Monday, 11 April 2011

The Crime Rate Is Falling, Not the Sky: Why Harper's Message Appeals Even Though It's Counter-Factual

One of the most puzzling things for me is the way so many Canadians believe that Stephen Harper is going to save us from something, that they have to vote for him because otherwise there would be doom and gloom.

Ian Brown in Saturday's Globe and Mail takes aim at the question and comes up with some pretty interesting answers. Specifically, he examines the complete disconnect between our current falling crime rate and the fear of crime that Harper and his friends are exploiting. "Don't confuse me with the facts," is perhaps the easiest reaction: Harper doesn't want to know about crime statistics, just as he doesn't want to know how we live. For the latter, he cancels the long form census. For the former, he "stands up for victims," discounting all the stats and studies which show that throwing more and more people in jail doesn't make us safer.
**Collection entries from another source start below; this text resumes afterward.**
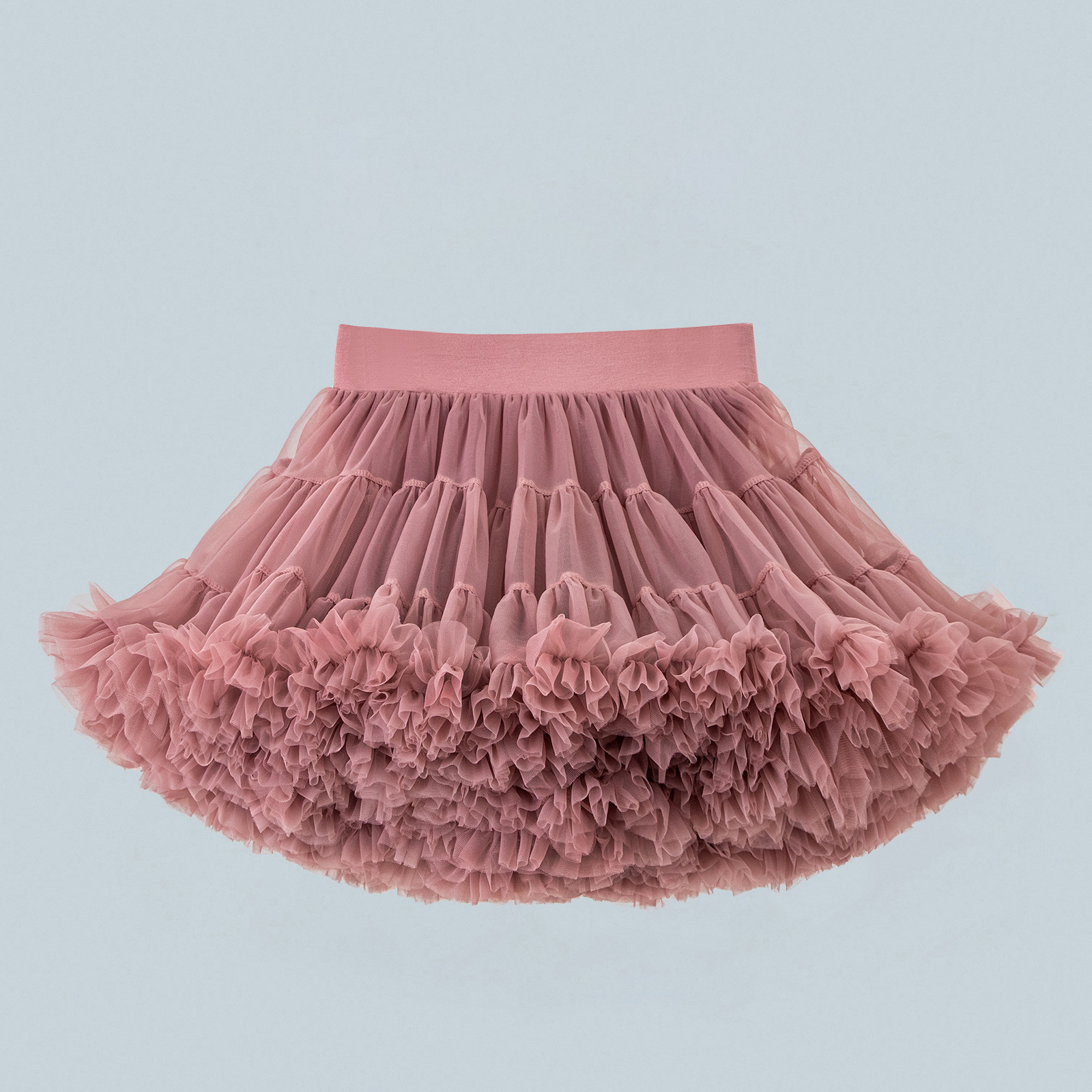– Fustă amplă tip tutu, realizată din material tulle moale, multistrat, în culoare roz-pudrat. Modelul are talie elastică pentru confort și potrivire perfectă, iar volumul bogat creează un efect spectaculos de prințesă și lejeritate la mișcare.
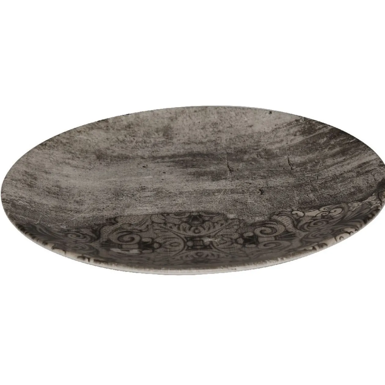 Alliez originalité et convivialité avec cette assiette plate ronde en céramique décor arabesque imitation vieux bois.
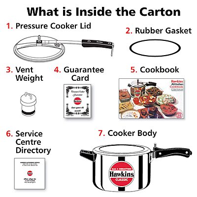 Sales Package Pressure Cooker Body, Pressure Cooker Lid, Rubber Gasket, Vent Weight, Guarantee Card, Cookbook with Service Centre Directory Capacity 5 litre Model Name Classic (ICL50) Model Number ICL50 Lid Locking Mechanism Locking Loop, Inner Lid Dishwasher Safe No Height 215 mm Weight 1.831 kg Net Quantity 1
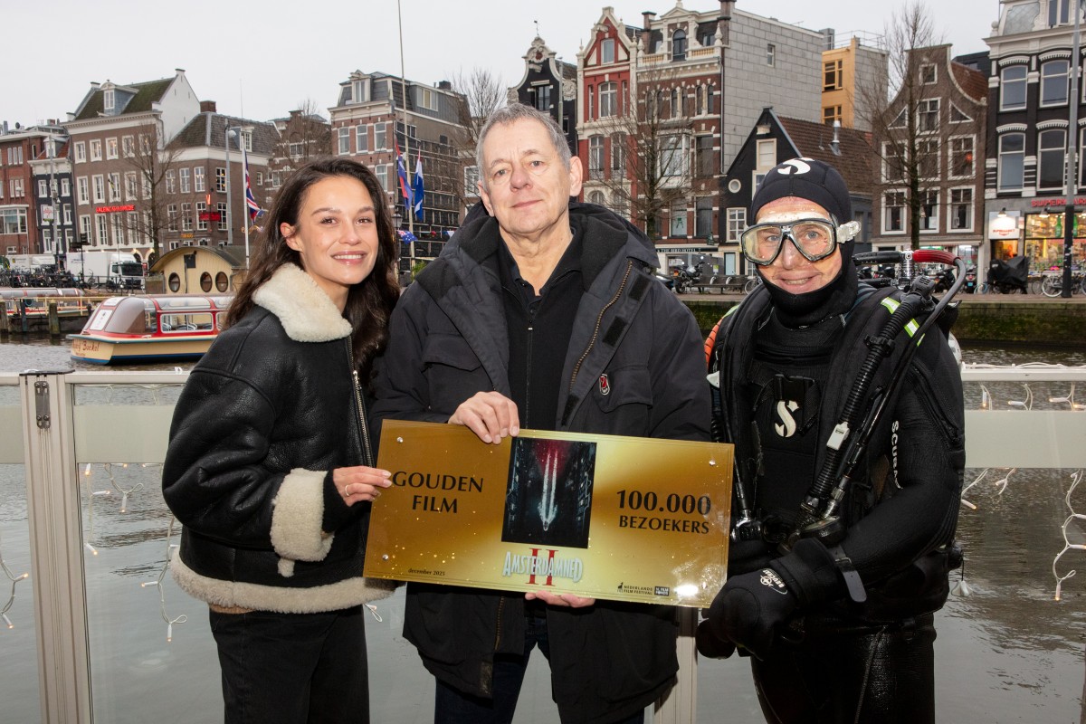 Gouden Film für AMSTERDAMNED II: Taucher überreicht Auszeichnung an Holly Mae Brood und Dick Maas
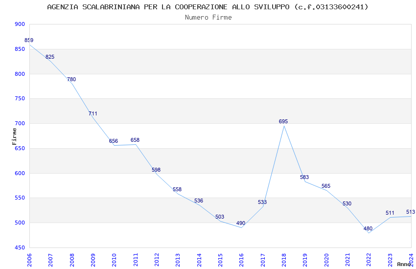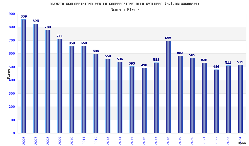 | Anno | Firme | Importi | Media | Naz. | Reg. | Prov. | Comu. |
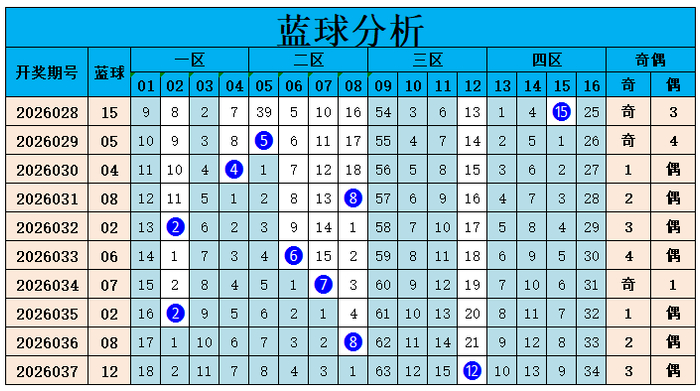 山哥双色球蓝球详细分析:
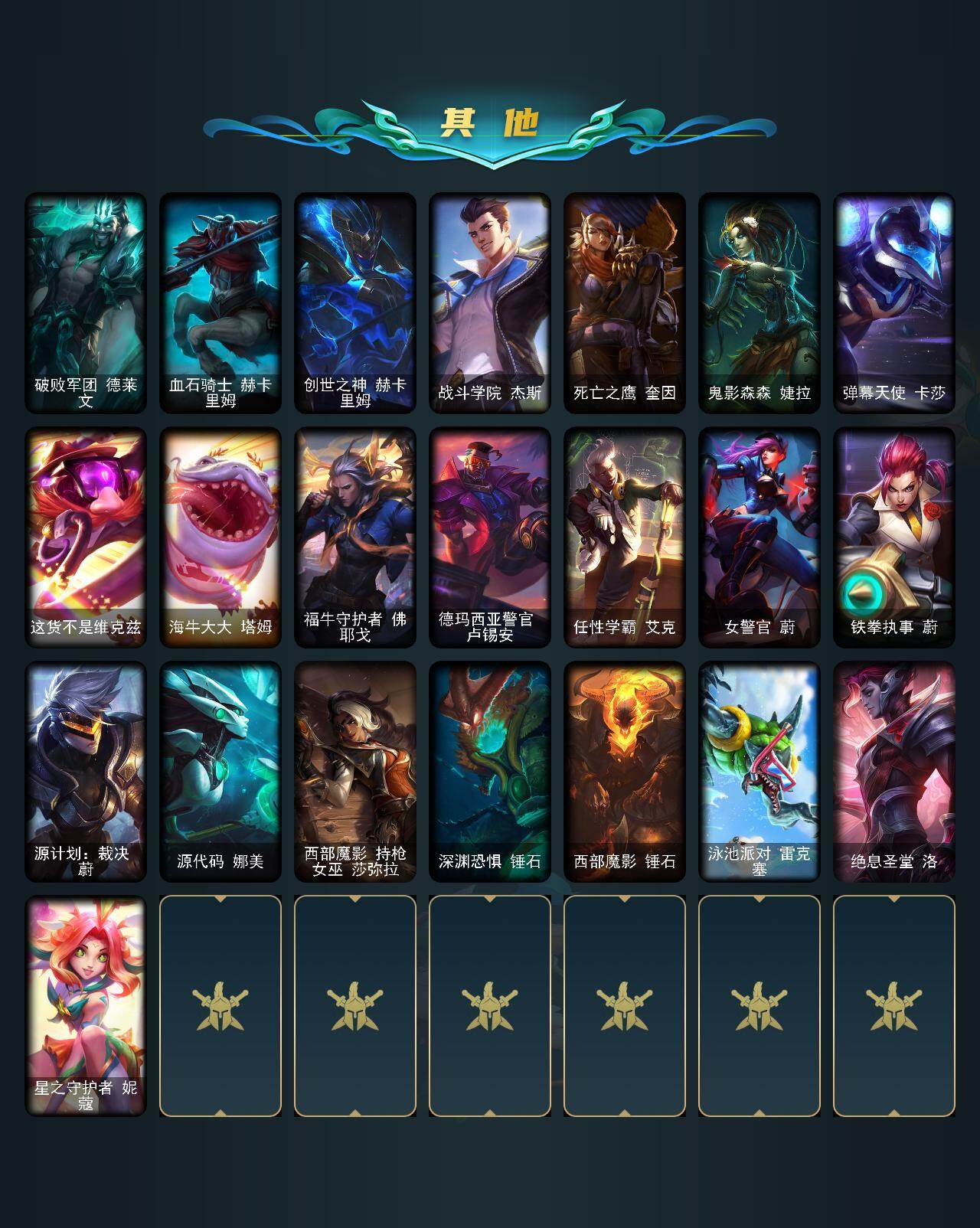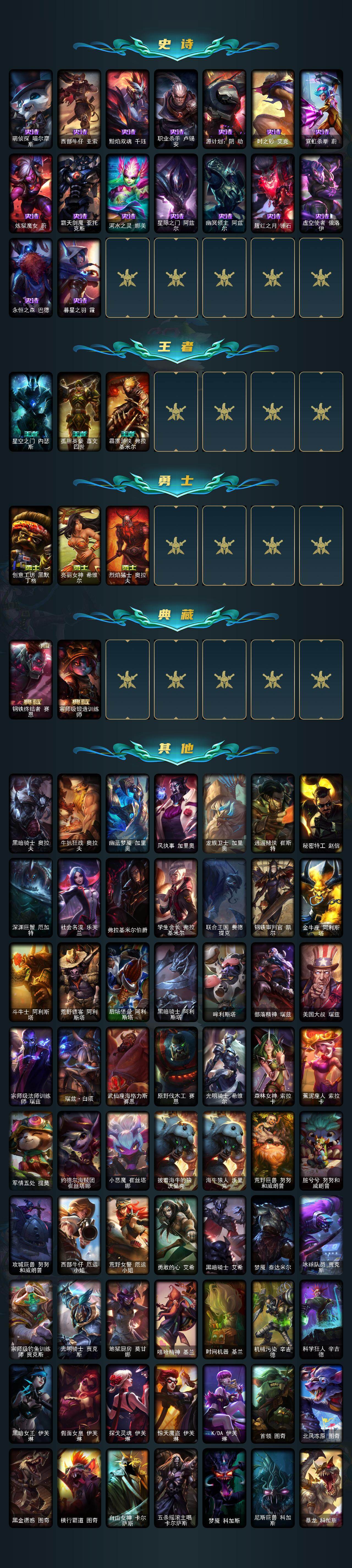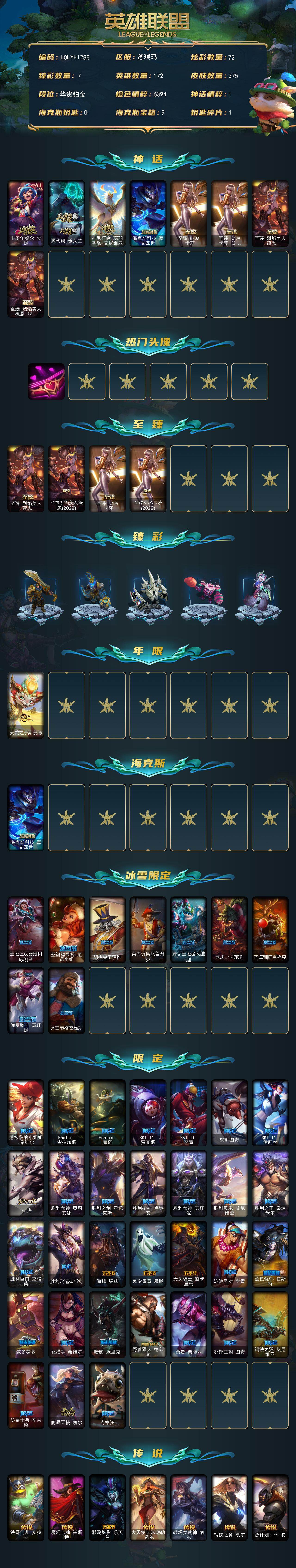 172英雄/375皮肤/8神话/41限定/7臻彩/72炫彩/28传说/100史诗/铂金/
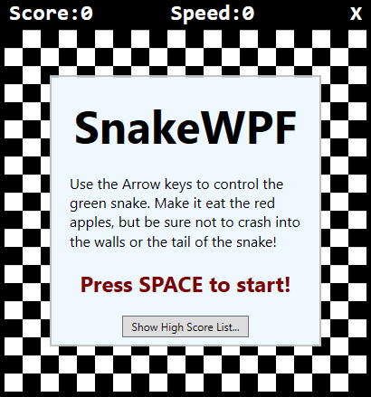 In the previous article, we made a lot of visual improvements to our SnakeWPF implementation. In this article, I would like to add a very cool feature: A high score list! On top of that, I would like to make the game a bit more user-friendly, by adding a welcome screen. I'll also be replacing the very non-gamey "You died"-messagebox with an in-game screen.

Brown writes: "For many years, Canada's approach to criminality ..relied less on prison and more on rehabilitation, on changing people...

"(But) If people are unlikely to change, the bad ones can be locked up. That way the bad people will be in one place, and the good people will be in another place, and we'll never have to be confused as to who is whom.

'We think we want to be tough on crime because we're afraid of criminals, but it turns out we're not. We're afraid of ourselves, and who we might turn out to be."